Kyle Emerson ‘Only Coming Down’


Kyle Emerson
Only Coming Down

­­A pulsing, radiant optimism and empathy and the battle between heavy and light is a theme throughout Kyle Emerson’s sophomore effort, Only Coming Down. The record puts the singer/songwriter’s skills on display, in which he deftly expands his garage-pop sensibilities with lush full-band arrangements and plenty of toothsome melodic hooks. At turns dreamy and driving, Emerson’s new release bridges classic and contemporary sounds to create a warm, inviting, and introspective atmosphere.

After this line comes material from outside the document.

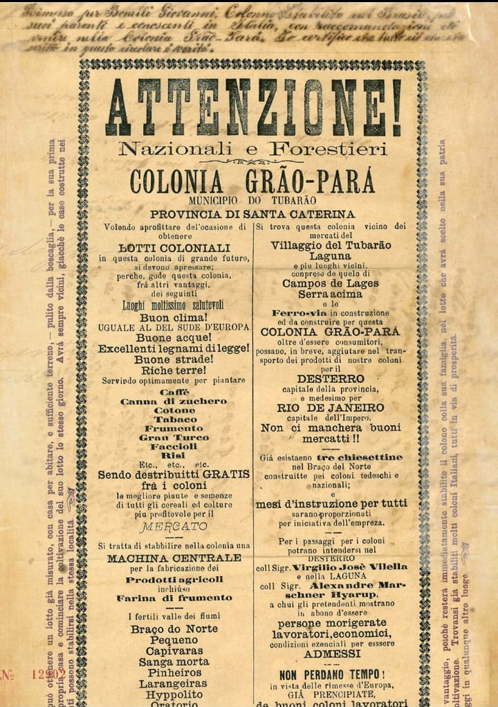 O longa-metragem, com 81 minutos, retrata a saga da imigração italiana da nossa região, que vai desde as promessas à realidade encontrada ao pisarem em solo catarinense. A produção buscou, por meio de depoimentos de historiadores mesclados a cenas gravadas com atores locais em vários sets da região, apresentar a verdadeira história da colonização, iniciada em 1877, na então Colônia Imperial de Azambuja, hoje cidade de Pedras Grandes.

Described as “buzzy indie-rock” Emerson takes the window-down psychedelic pop of his debut Dorothy Alice and amplifies the singer/songwriter roots of his material with the ample sound of the band behind him.

The album’s first single, “May You Find Peace,” as it turns out almost didn’t see the light of day. The song sat in Emerson’s drafts folder for six months untouched. “I did a demo of it one time, and it didn’t stick with me,” he said. But as work was being finished on the album he heard the song with a renewed perspective, sticking out to him while he was reviewing song ideas recorded in his voice memos. “I didn’t want to write a sad, woe-is-me type of song,” he explained. But taking inspiration from the uplift of Bill Withers’ “Lean On Me,” he found the perfect lyrical setting for “May You Find Peace.” “Everyone’s going through something — and I wanted this song to be support for those who are in the thick of it,” he explains.

That track, along with another single “I Can Change” have already racked up some impressive Spotify stats and been met with critical acclaim with Earmilk calling it “synthwave goodness.”

The third single from Only Coming Down, “Better” shows Emerson continuing to push the boundaries of his artist output — both musically and lyrically. Coming together quickly after inspiration hit in the studio, Emerson explains, “Better’ initially came to me by way of a Roland TR-707 drum machine. I programmed a fast, driving beat and then the chord progression came to me right away. In the studio, we were able to layer a lot of tones to make a big sound — a process that was new for me,” he said. “Personally, I was in a particularly weird space when writing this song but still felt oddly hopeful.”